Professional ratings
Review scores
| Source | Rating |
| AllMusic | Star Half star |
| The Rolling Stone Jazz & Blues Album Guide | Star |

==Reception==
Scott Yanow of AllMusic wrote: "Although Grover Washington Jr. (on alto, tenor, soprano and baritone) puts on his usual strong effort, the forgettable material (which included no hits) and the emphasis on vocals (particularly those of Jon Lucien who is on five of the seven selections) makes this one of Washington's weaker efforts and the least essential of his four Elektra recordings. The background vocalists do not help much either.

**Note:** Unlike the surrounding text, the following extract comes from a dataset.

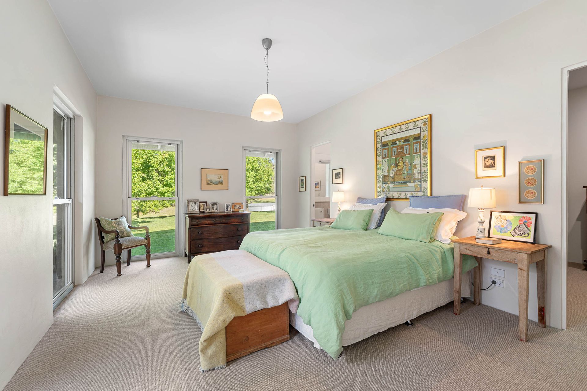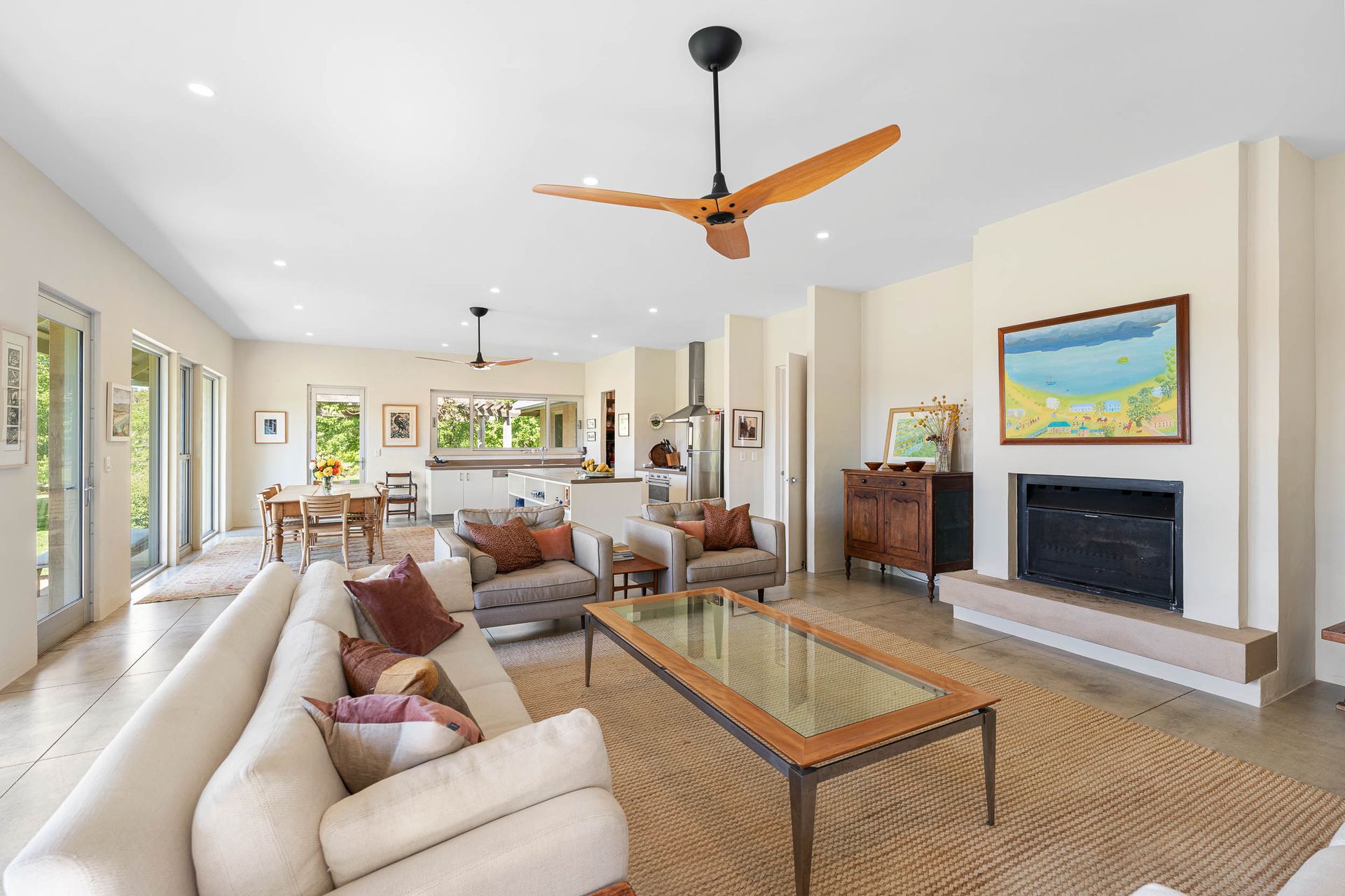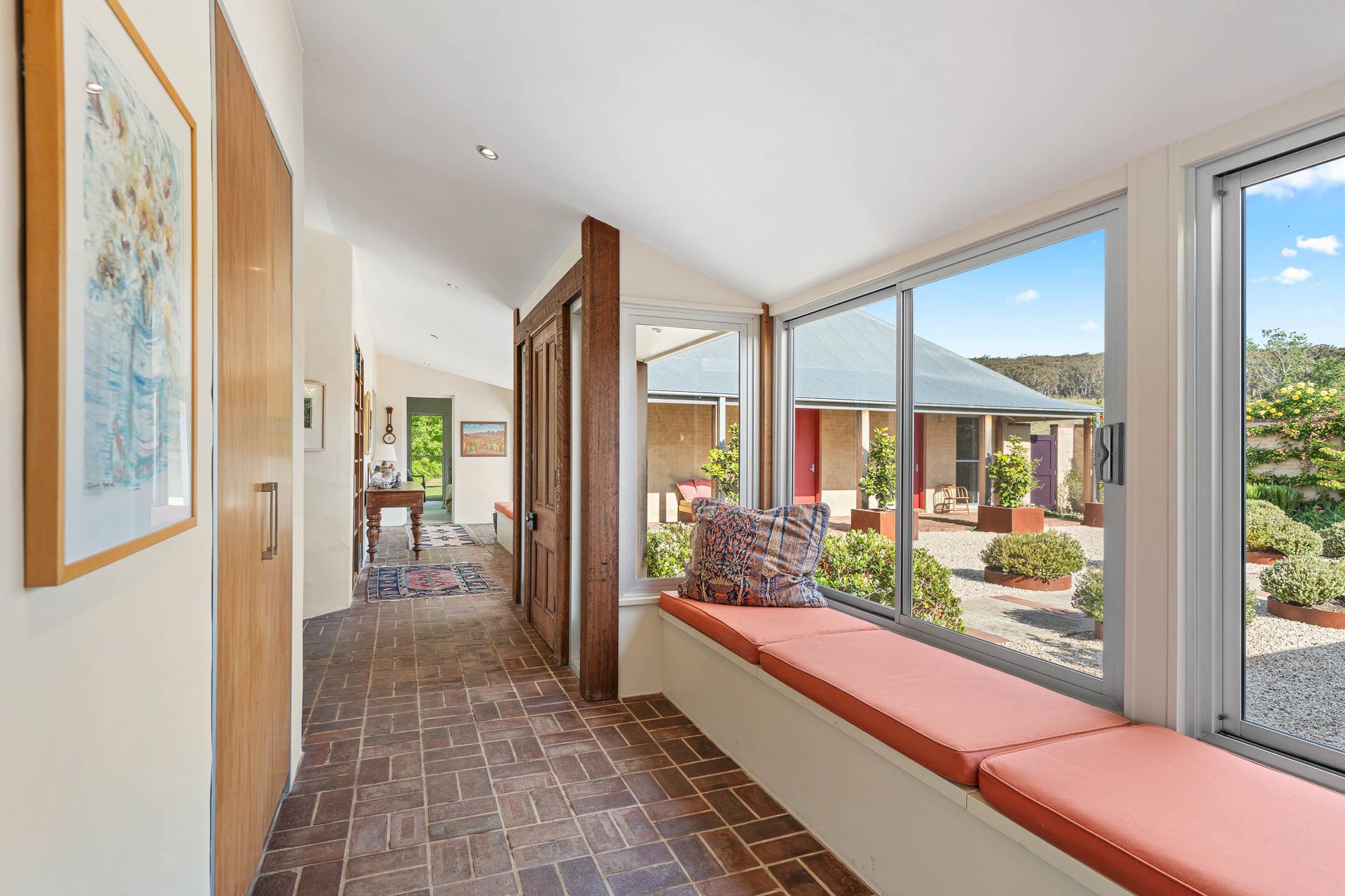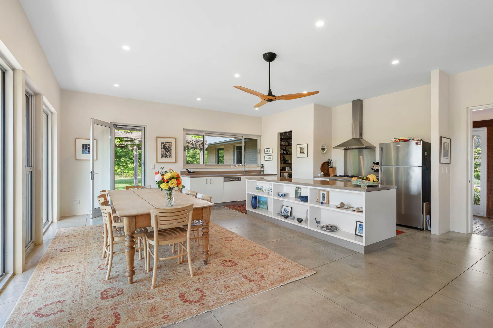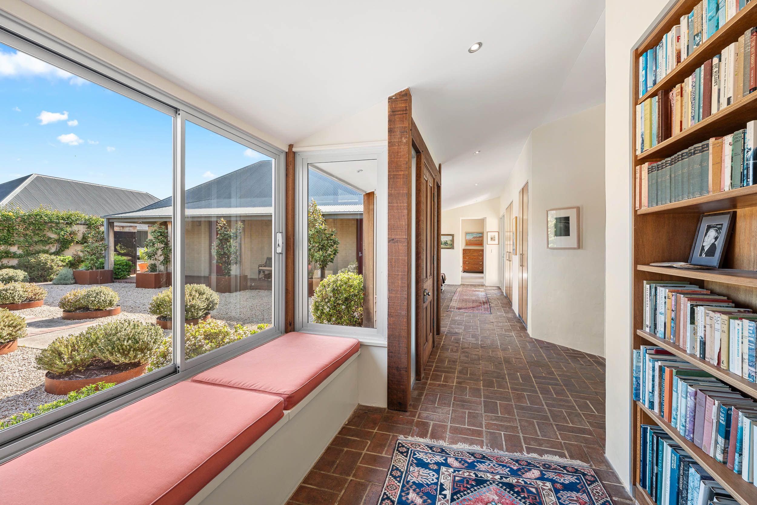 Inside, the thoughtful layout unfolds across three pavilions - each designed to celebrate space, light and connection to the landscape. The main living pavilion features 3-metre ceilings, double-glazed windows and polished concrete floors that soak up the winter sun, ensuring year-round comfort. Expansive glass doors open to a series of seasonal courtyards and verandahs, inviting seamless indoor-outdoor living and creating perfect spaces for entertaining.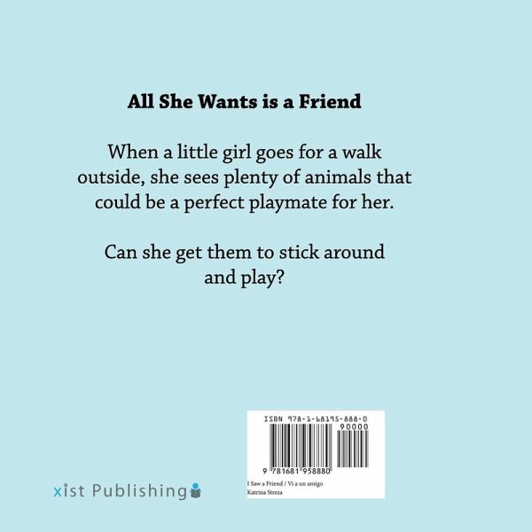 All She Wants is a Friend When a little girl goes for a walk outside, she sees plenty of animals that could be a perfect playmate for her. Can she get them to stick around and play? A fun bilingual picture book in both English and Spanish for preschoolers and other young children with lots of prepositions, perfect for classroom use.

This was Grover Washington, Jr.'s only full-length album as a leader during the 1982-86 period but was not worth the effort". In contrast, Ken Franckling of United Press International praised the album, stating that it was "a funky fusion of jazz with rhythm and blues, dominated by Washington's soulful, sometimes haunting saxophone work, particularly on the title track."

==Track listing==

| No. | Title | Writer(s) | Length |
|---|---|---|---|
| 1. | "Inside Moves" | Steve Gadd, Ralph MacDonald, William Salter | 5:52 |
| 2. | "Dawn Song" | Marcus Miller | 4:31 |
| 3. | "Watching You Watching Me" | Bill Eaton | 5:28 |
| 4. | "Secret Sounds" | Grover Washington, Jr. | 5:28 |
| 5. | "Jet Stream" | Grover Washington, Jr., Art Sorenson, Richard Lee Steacker | 5:31 |
| 6. | "When I Look at You" | Walter Jurmann, Paul Francis Webster | 6:00 |
| 7. | "Sassy Stew" | Grover Washington, Jr. | 5:30 |
| Total length: |  |  | 38:52 |

== Personnel ==
- Grover Washington Jr. – alto, baritone, soprano and tenor saxophones
- Richard Tee – Fender Rhodes
- Marcus Miller – Roland Jupiter-8, Yamaha DX7, bass (1, 2, 4–7)
- Eric Gale – guitars
- Anthony Jackson – bass (3)
- Steve Gadd – drums (1)
- Buddy Williams – drums (2–7)
- Ralph MacDonald – drum programming, congas, percussion (1–4), arrangements
- Anthony MacDonald – percussion (5–7)
- William Eaton – arrangements, backing vocals (3)
- Jon Lucien – featured vocals
- Frank Floyd – backing vocals (3)
- Hilda Harris – backing vocals (3)
- Yvonne Lewis – backing vocals (3, 5, 6)
- Ullanda McCullough – backing vocals (3)
- Zack Saunders – backing vocals (3)
- Lani Groves – backing vocals (5, 6)
- Maeretha Stewart – backing vocals (5, 6)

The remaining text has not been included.